▸ Supplied data:
------------------------------------------------------------------------
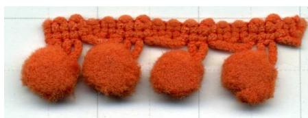
COL. 7 - CORAL
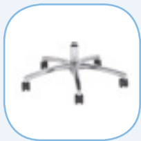
Staal aluminium gepolijst voetkruis

“Bekijk onze complete NEN & NPR gecertificeerde stoelen hier: www.schaffenburg.nl .”
------------------------------------------------------------------------
▸ What you will do: All of the data must be given again exactly, without the pictures.

▸ Result:
COL. 7 - CORAL
Staal aluminium gepolijst voetkruis

“Bekijk onze complete NEN & NPR gecertificeerde stoelen hier: www.schaffenburg.nl .”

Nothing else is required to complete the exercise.